Gabrielle Lazure : Ce n’est pas vraiment un hasard, j’ai participé au dernier film d’Igor Minaev, réalisateur russe qui vit en France, La robe bleue. C’est Igor qui a proposé ma candidature à Françoise Schnerb [Présidente du Festival du cinéma russe à Honfleur, ndlr]. À ce moment, il n’y avait qu’une seule personne dans le jury – Dinara Droukarova, une actrice russe qui tourne en Russie et en France. Nous avons déjà travaillé ensemble dans un autre jury et je l’ai trouvée très sympathique. J’ai accepté cette invitation et j’ai fait une liste de toutes les réalisatrices que j’aimais bien, puisque cette année le festival rend hommage aux femmes.

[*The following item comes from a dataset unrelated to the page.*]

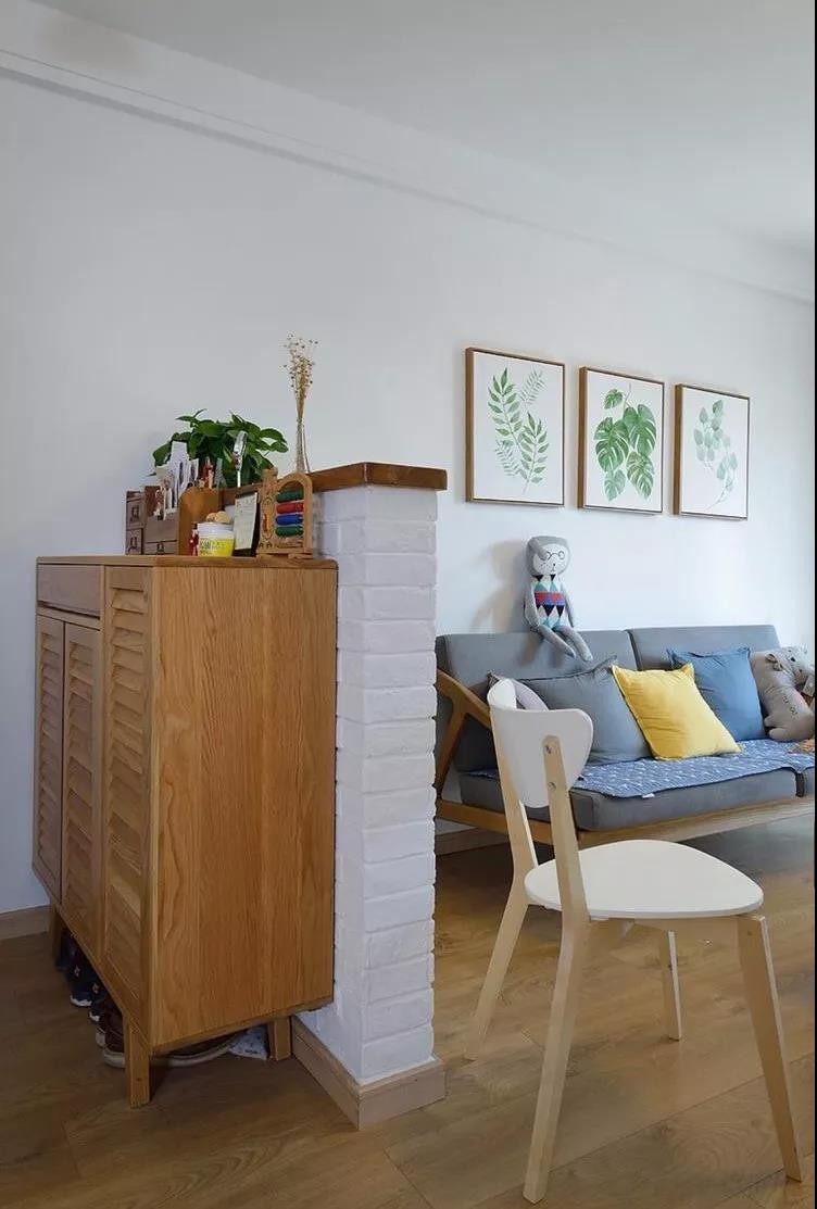 入户门直对阳台,在入户门和客厅之间做了个文化砖半墙隔断,可以摆下一个小鞋柜,又能避免风水问题。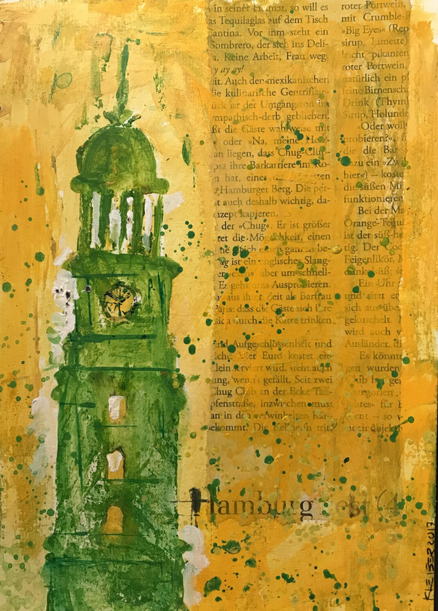 Michel Grün/Gelb . Originalgrafik, signiert und datiert, Acryl, Collage auf Papier, 15 x 21 cm

Souvent dans les festivals on se retrouve presque qu’avec les acteurs, qui, bien sûr attirent plus facilement le public et les journalistes, mais personnellement, je préfère discuter cinéma avec les réalisateurs, scénaristes ou producteurs – des personnes qui connaissent vraiment le métier d’une autre manière. Donc, j’ai fait venir deux réalisatrices : Sylvie Verheyde et Sandrine Veysset, qui ont été rejointes par Sylvie Braibant, journaliste et rédactrice en chef à TV5Monde. Finalement, on se retrouve entre cinq femmes.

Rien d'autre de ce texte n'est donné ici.